*** Opening DATASET EXTRACT ***
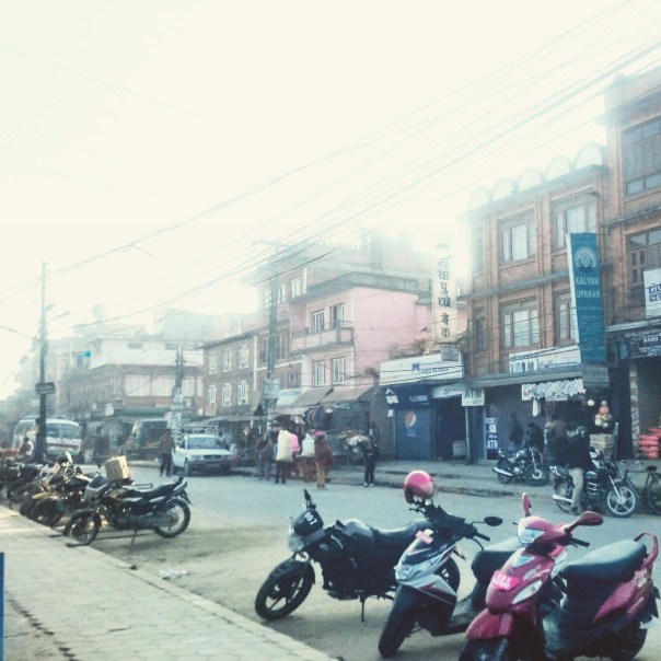 In Bhaktapur’s busy bus station’s street, the pavement is swept immaculately clean. Big chicken are foraging, most shop owners with a damping cup of tea between the palms of their hands. It ‘s not that cold, 8.30 am. I change bus on my way from Nepal Yoga Retreat in Telkot to Kathmandu, on my first day off. Quickly taking a super sweet black tea at a little café outside. I am not into sugar. Maybe because I used to like it too much I try to avoid it now as much as possible. Not today. I am excited to be where I am. I order a second tea right away against any mindful objections. Not much later on the bus to Kathmandu I feel pretty sick. Sugar overload on an empty stomach. But feeling sick in an overcrowded bus in Nepal is somehow the way it should be. I accept my condition. No regrets. I love being here.
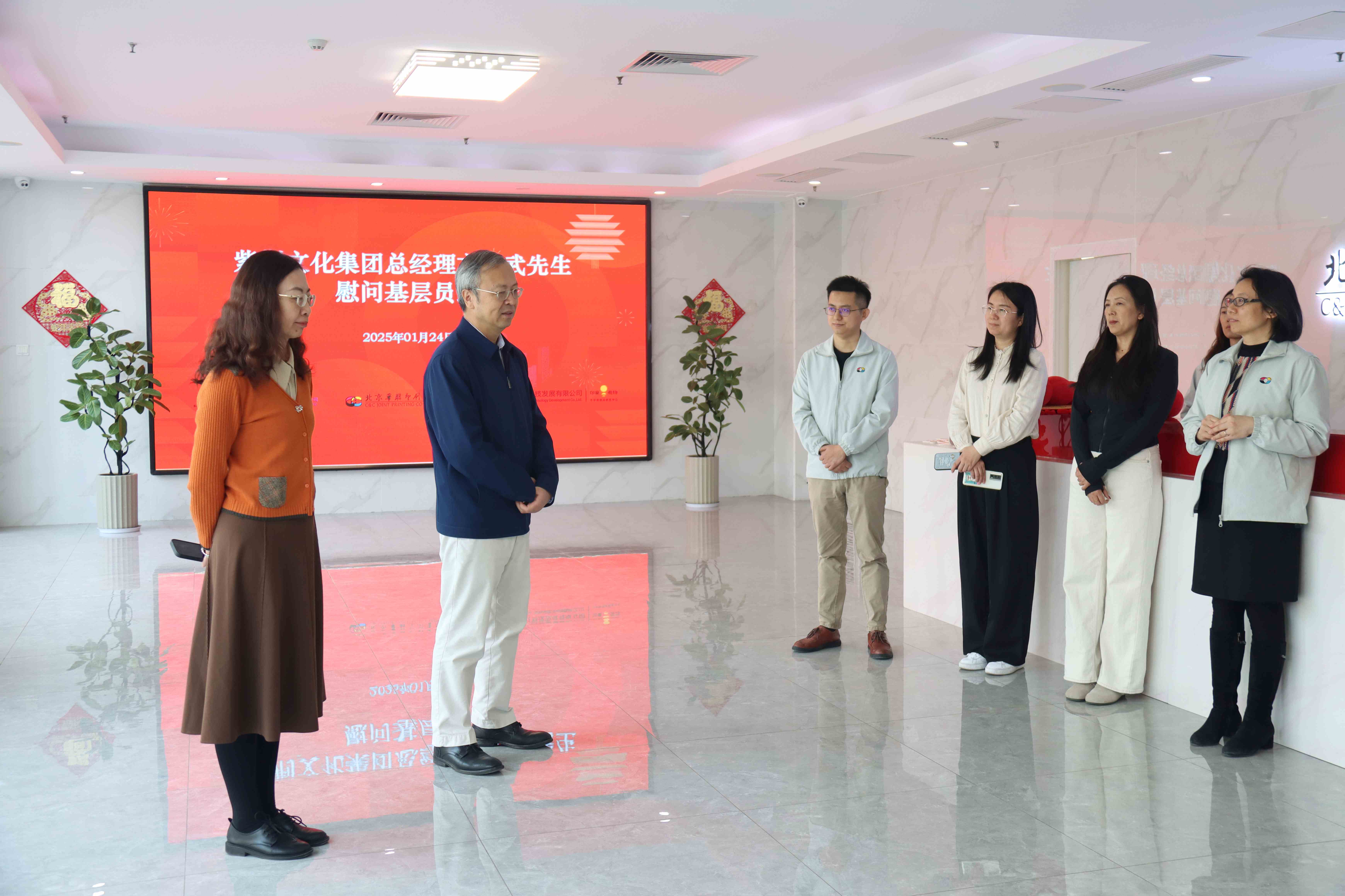 2025年1月24日上午,紫荆文化集团总经理文宏武亲临北京华联印刷有限公司,开展新春慰问活动,为基层员工送上温暖和祝福,并深入生产车间,了解业务和生产情况。
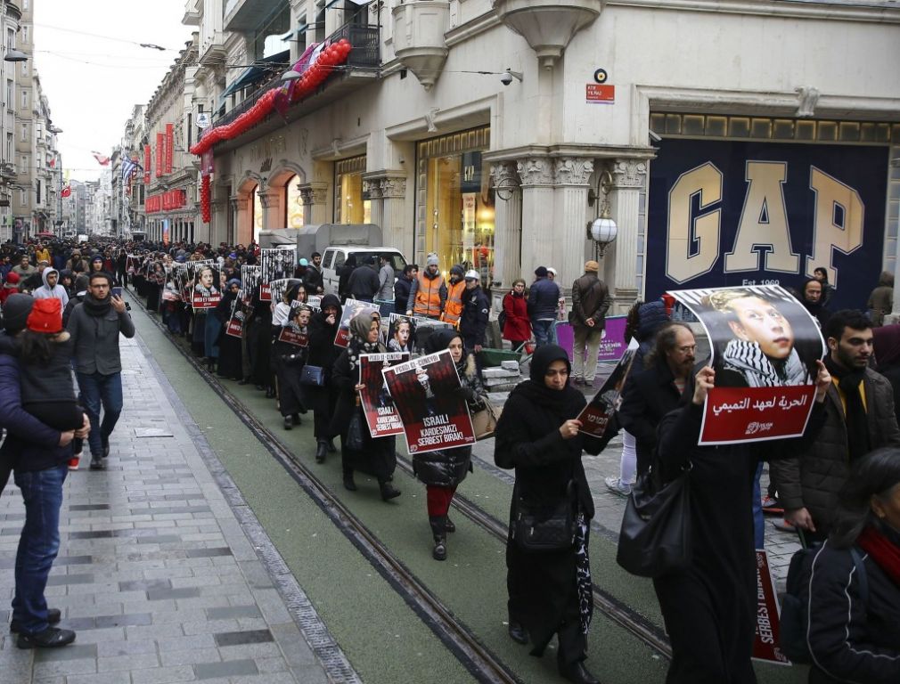 انطلقت بعد ظهر اليوم السبت، مظاهرةً صامتة في مدينة إسطنبول، تضامناً مع الطفلة الفلسطينية عهد التميمي (16 عام) التي اعتقلها الجيش الإسرائيلي قبل أيام.
*** Closing DATASET EXTRACT ***
Reproduce, word for word, everything in the listing above except the pictures.

• _RESPONSE_
 In Bhaktapur’s busy bus station’s street, the pavement is swept immaculately clean. Big chicken are foraging, most shop owners with a damping cup of tea between the palms of their hands. It ‘s not that cold, 8.30 am. I change bus on my way from Nepal Yoga Retreat in Telkot to Kathmandu, on my first day off. Quickly taking a super sweet black tea at a little café outside. I am not into sugar. Maybe because I used to like it too much I try to avoid it now as much as possible. Not today. I am excited to be where I am. I order a second tea right away against any mindful objections. Not much later on the bus to Kathmandu I feel pretty sick. Sugar overload on an empty stomach. But feeling sick in an overcrowded bus in Nepal is somehow the way it should be. I accept my condition. No regrets. I love being here.
 2025年1月24日上午,紫荆文化集团总经理文宏武亲临北京华联印刷有限公司,开展新春慰问活动,为基层员工送上温暖和祝福,并深入生产车间,了解业务和生产情况。
 انطلقت بعد ظهر اليوم السبت، مظاهرةً صامتة في مدينة إسطنبول، تضامناً مع الطفلة الفلسطينية عهد التميمي (16 عام) التي اعتقلها الجيش الإسرائيلي قبل أيام.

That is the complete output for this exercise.